静けさの中で
夜の城は、ひんやりとした空気に包まれ、月の光が静かに城の石壁を照らしていた。その冷たさが、夜の静けさを一層際立たせるようだった。蓮はその静けさに身を委ね、城の屋上へと向かって歩いていた。足取りは自然と、まるで誰かに導かれるように進んでいく。

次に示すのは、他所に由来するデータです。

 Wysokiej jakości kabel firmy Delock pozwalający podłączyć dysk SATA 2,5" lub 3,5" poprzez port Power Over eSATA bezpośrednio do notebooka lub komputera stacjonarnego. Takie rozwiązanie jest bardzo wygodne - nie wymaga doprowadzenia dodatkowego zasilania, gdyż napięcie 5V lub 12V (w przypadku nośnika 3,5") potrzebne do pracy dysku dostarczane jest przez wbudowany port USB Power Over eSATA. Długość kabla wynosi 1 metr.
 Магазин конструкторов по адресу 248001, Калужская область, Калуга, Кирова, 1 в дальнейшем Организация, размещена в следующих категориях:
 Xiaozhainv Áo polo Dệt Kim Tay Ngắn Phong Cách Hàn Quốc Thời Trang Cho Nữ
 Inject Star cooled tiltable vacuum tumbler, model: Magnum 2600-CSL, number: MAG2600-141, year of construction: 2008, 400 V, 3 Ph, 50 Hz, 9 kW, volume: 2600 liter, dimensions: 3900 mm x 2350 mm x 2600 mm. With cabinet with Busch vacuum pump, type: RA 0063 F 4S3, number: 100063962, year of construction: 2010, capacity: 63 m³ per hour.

屋上に着くと、すでにタオがその場所に立ち、遠くの星空を見上げていた。夜風が彼の髪を揺らし、その表情はどこか遠くを見つめているようだった。蓮が近づくと、タオは少しだけ振り返り、静かな声で言った。
「明日からお前はイシュタルか」
その言葉には、どこか重みがあった。
蓮はその空気を感じ取りながら、隣に並んで座る。目の前には、静かな夜の城が広がり、街並みはひっそりと眠っているかのようだった。その穏やかな景色が、二人の会話を一層静かにした。
「うん」
蓮は軽く頷き、タオを見ながら問いかける。
「タオ、なんか知ってるの?」
タオは少し黙り込んだが、やがて再び星を見つめながら答えた。
「シェリーの故郷だ」
その言葉に、蓮は思わず目を細めた。イシュタルという場所が、ただの目的地ではないことを、何か直感的に感じ取ったのだ。

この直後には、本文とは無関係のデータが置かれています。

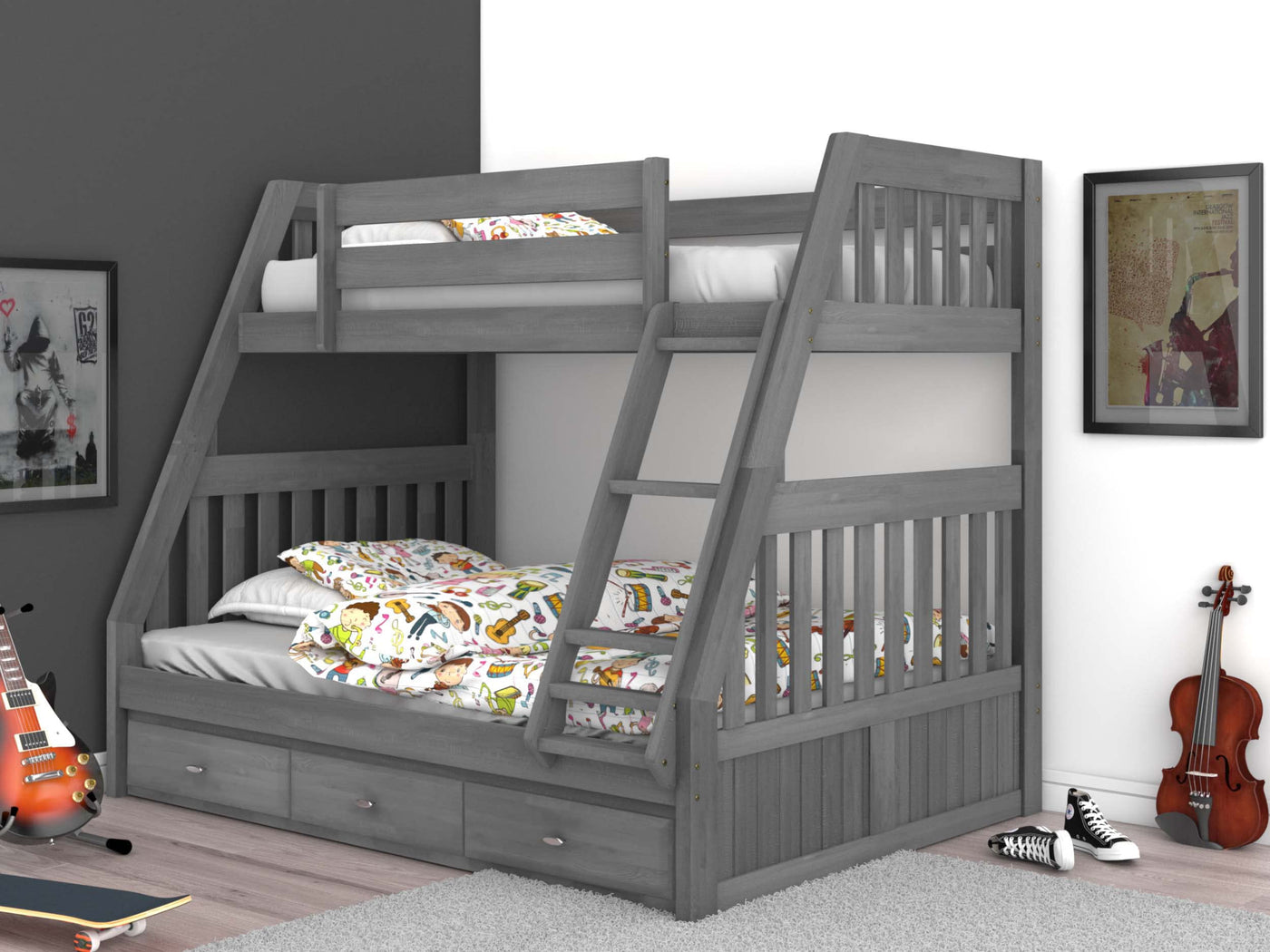 DescriptionThis ready-to-assemble unit in a fashionable charcoal grey finish features a twin over full bunk bed with a three-drawer under-bed storage unit. The drawers feature metal guides and attractive chrome pulls. Quality and solid wood construction makes this bed a great buy.

「シェリーは……自分の故郷がイシュタルだということも忘れちまってる。ホクトがあいつをイシュタルから遠ざけようとしているのを見て、確信したよ。きっと、イシュタルには何かある」
タオは少し言葉を躊躇ったようだったが、それでも続けた。
「……それがどんなに苦しくても、お前は彼女を受け入れられるか?」
蓮はその言葉に、胸の奥で何かが引っかかるのを感じながらも、しっかりと気持ちを堪え、静かに言った。
「マアト村に向かう途中、話の続きだったね。タオ、俺は……スミレのことが好きなんだ。どんな彼女でも受け入れたいし、知りたいと思ってる」
その真っ直ぐな眼差しで、蓮は確信を込めて言った。タオはその眼差しを受け止めるように、頷いた。
「中途半端な気持ちなら許さない。彼女を傷つけたら、俺がお前を殴ってやる」
タオのその一言に、蓮は少しだけ驚き、思わず笑いそうになるが、その背後にある真剣さを感じ、顔を引き締めた。
「確認しておきたいんだけど……タオはスミレのことをどう思ってるの?」
その問いを投げかけると、タオは一瞬黙って考え込む。その表情に、蓮はただの気遣いではなく、深い思いが込められていることを感じ取った。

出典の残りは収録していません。